On Friday, the U.S Army Corps of Engineers released a report about its annual dredging of approximately 9,000 cubic yards of material from Ninilchik’s small boat harbor, finding no expectations that it will impact the local environment.
Ninilchik’s small boat harbor consists of a mooring basin, designed to hold 32 boats (though sometimes holding up to 100, according to the Army Corps report), in the mouth of the Ninilchik River just upstream of where it drains into Cook Inlet. A 50 foot-wide channel, with a depth of 9 feet above the average lowest tidal line, leads from the basin into the Inlet and is passable at high tide. The harbor is used by recreational boaters and commercial fishermen, most of whom deposit their catch at canneries in Kenai, according to the report.
The flow of the Ninilchik River and the currents of Cook Inlet fill the harbor basin and channel mouth with sand, silt, and gravel. To preserve the harbor, the Army Corps has been dredging it annually since it was built in 1961.
The dredgings considered in the report — those between 2017 and 2019 — are planned to follow the Corps’ usual procedure: material removed from the harbor will be trucked to a temporary basin on the Ninilchik beach and stored while its water drains back into Cook Inlet. After it’s dried out, the dredged material is used to build up eroding areas of Ninilchik’s shoreline.
One change in the future dredging procedure will be its volume. Future dredging will remove an additional 4,000 cubic yards of material because of an update from the National Oceanic Atmospheric Administration that predicts a change in local tides.
With the increase, the Ninilchik operation’s volume will be comparable to the approximately 15,000 cubic yards the Army Corps dredges annually from Homer’s small boat dock and adds to the Homer Spit. Both are dwarfed, however, by the approximately 1 million cubic yards of material the Army Corps dredges from the Port of Anchorage between April and November, according to the report.
Until 1996, the Corps put the dredged matter to the north of the harbor mouth. However, researchers discovered that the local Cook Inlet current flows predominantly south during the winter and was carrying the material back into the harbor. Subsequently, it has been deposited to the south of the harbor mouth instead.

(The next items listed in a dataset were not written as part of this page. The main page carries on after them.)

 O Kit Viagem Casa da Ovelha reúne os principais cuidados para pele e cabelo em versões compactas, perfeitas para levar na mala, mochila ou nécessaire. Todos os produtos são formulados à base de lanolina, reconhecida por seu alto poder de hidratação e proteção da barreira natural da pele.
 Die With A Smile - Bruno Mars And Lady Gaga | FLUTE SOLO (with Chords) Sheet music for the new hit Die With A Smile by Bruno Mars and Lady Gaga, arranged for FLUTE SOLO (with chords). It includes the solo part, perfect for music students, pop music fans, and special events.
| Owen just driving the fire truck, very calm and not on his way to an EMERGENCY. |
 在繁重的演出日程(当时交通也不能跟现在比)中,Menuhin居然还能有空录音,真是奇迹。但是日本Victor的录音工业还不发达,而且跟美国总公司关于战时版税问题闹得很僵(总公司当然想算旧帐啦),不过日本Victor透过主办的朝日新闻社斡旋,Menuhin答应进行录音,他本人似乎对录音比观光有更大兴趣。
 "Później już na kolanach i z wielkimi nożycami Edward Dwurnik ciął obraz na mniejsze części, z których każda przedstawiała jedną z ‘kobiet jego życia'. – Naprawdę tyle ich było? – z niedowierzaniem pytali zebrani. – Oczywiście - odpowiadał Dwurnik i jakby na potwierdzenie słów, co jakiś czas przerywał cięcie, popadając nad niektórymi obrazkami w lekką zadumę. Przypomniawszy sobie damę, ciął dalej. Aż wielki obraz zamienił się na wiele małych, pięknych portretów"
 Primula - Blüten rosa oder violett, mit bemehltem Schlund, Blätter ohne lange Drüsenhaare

The report released Friday considered deposit locations on the both the north and south beaches. The Army Corps’ preferred option would spread the material along erosion-prone areas of the south beach, giving some to the Alaska Department of Transportation, which since 2013 has used up to 5,000 cubic yards of dredged matter to shore up roadbed revetments and maintain its own erosion-control project.

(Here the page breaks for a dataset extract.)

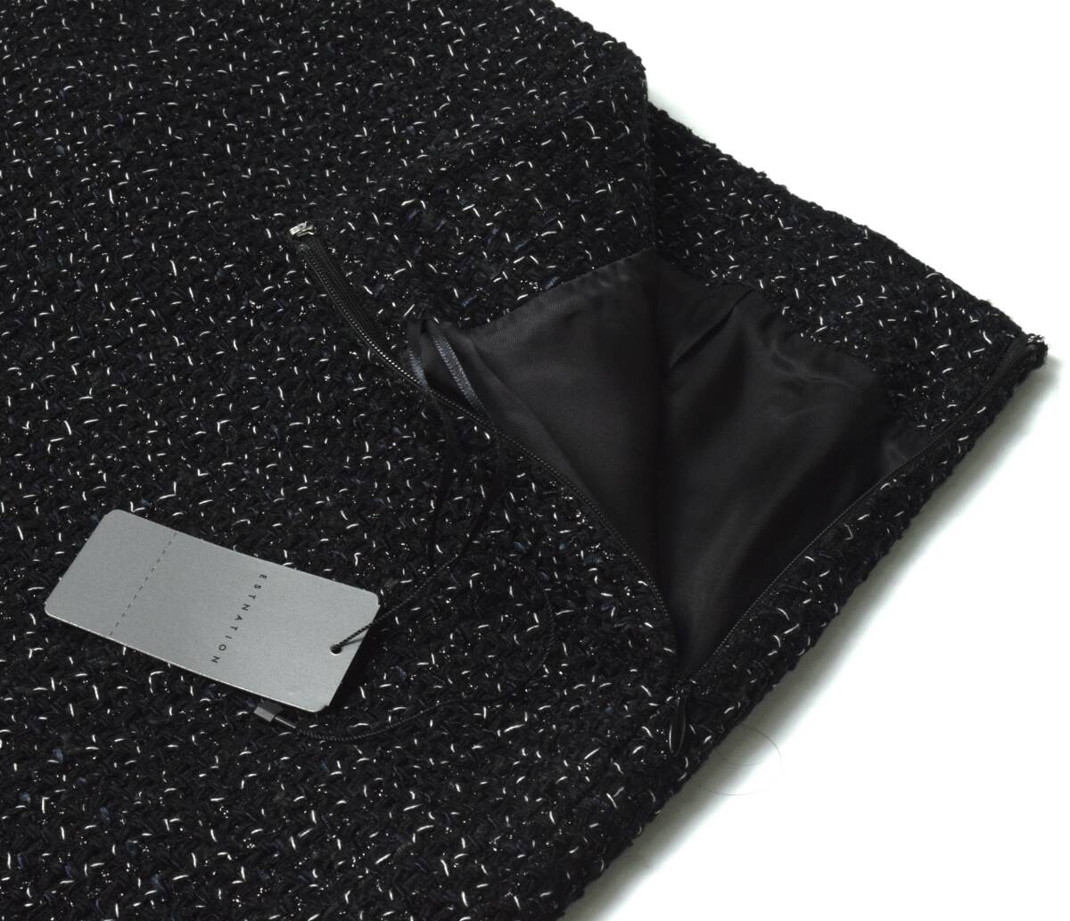 未使用 ESTNATION エストネーション ファンシーツイード バックフレア ミニスカート 38 ブラック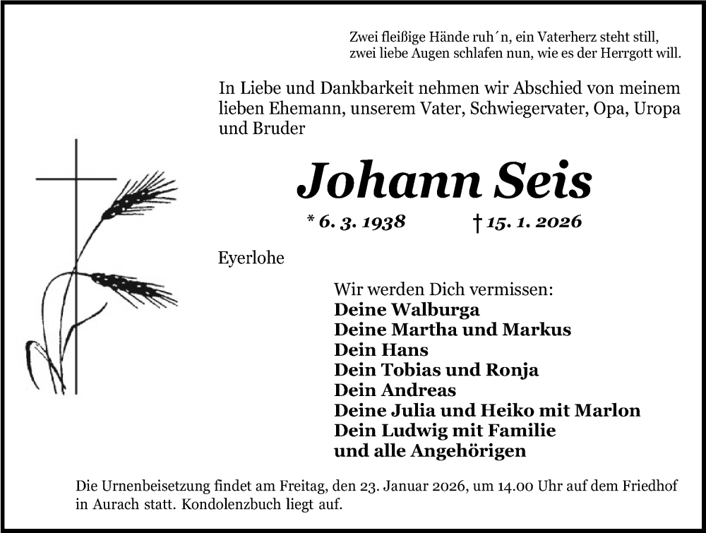 Hier finden Sie alle Traueranzeigen aus der Zeitung, die bisher für Johann Seis erschienen sind. Weitere Traueranzeigen, die in der Zeitung erscheinen, werden hier ebenfalls aufgelistet

The environmental assessment cites studies that analyzed dredged material from the Ninilchik harbor for signs of contamination, concluding that no significant contamination was found. The report states that most small boat harbors have “low-level chronic contamination,” but material from the Ninilchik harbor may be cleaner because the harbor is flushed out by the river, the report authors speculated.
Materials tested for include diesel, lubricating oil, metals from fuels, paint, and batteries, pesticides, and solvents. Only arsenic and chromium were found in the sediments in levels that exceeded the Alaska Department of Environmental Conservation’s standards for disposal, but “were determined to be within background concentrations and are assumed to be naturally occurring,” the report stated.
The timing of the dredging work — between March 15 and May 15 — is designed not to interfere with the area’s spawning populations of chinook, coho, and pink salmon, nor with steelhead and Dolly Varden trout. The timing is also meant to avoid the period in which larval razor clams settle into Cook Inlet’s coastal mud.
The Army Corps study considered impact to birds, fisheries, water quality, and the endangered populations of beluga whales, Steller sea lions, and Steller’s eider. Regarding water quality, the authors concluded the dredging “would generate a short term degradation of water quality in the nearshore environment of Cook Inlet” but that “no adverse impacts would result because of the inherently high background turbidity levels in Cook Inlet.”
Most of the minimal environmental impact considered in the Army Corps report would to be to seafloor invertebrates. The shoreline of Ninilchik lies within the Alaska Department of Fish and Game’s Clam Gulch Critical habitat area, a 30,000-acre coastal strip between Kasilof and Happy Valley managed to preserve habitat of razor clams, a species harvested for food. However, harvests have declined since 2011 and the Alaska Department of Fish and Game has closed east side Cook Inlet beaches to clamming since 2014. In a previous Clarion interview, Fish and Game biologist Carol Kerkvliet said the causes are still unclear.
The dredging itself would kill any clams that may have settled recently in the mooring basin and channel, but the report authors don’t expect dispersal of the dredged material to affect clams due to precautions the Army Corps plans to take, according to the report.
Concluding that most clam habitat is in the lower intertidal region, the report states the Corps will deposit material more than ten feet above the average low tide line. In the area around the high tide line, the depth of deposited material will be limited to a foot or less. The report states that “this narrowed-down area is not associated with high quality razor clam habitat.”
The Army Corps of Engineers has no public meetings planned on the action, but will take comments by mail and email until October 16.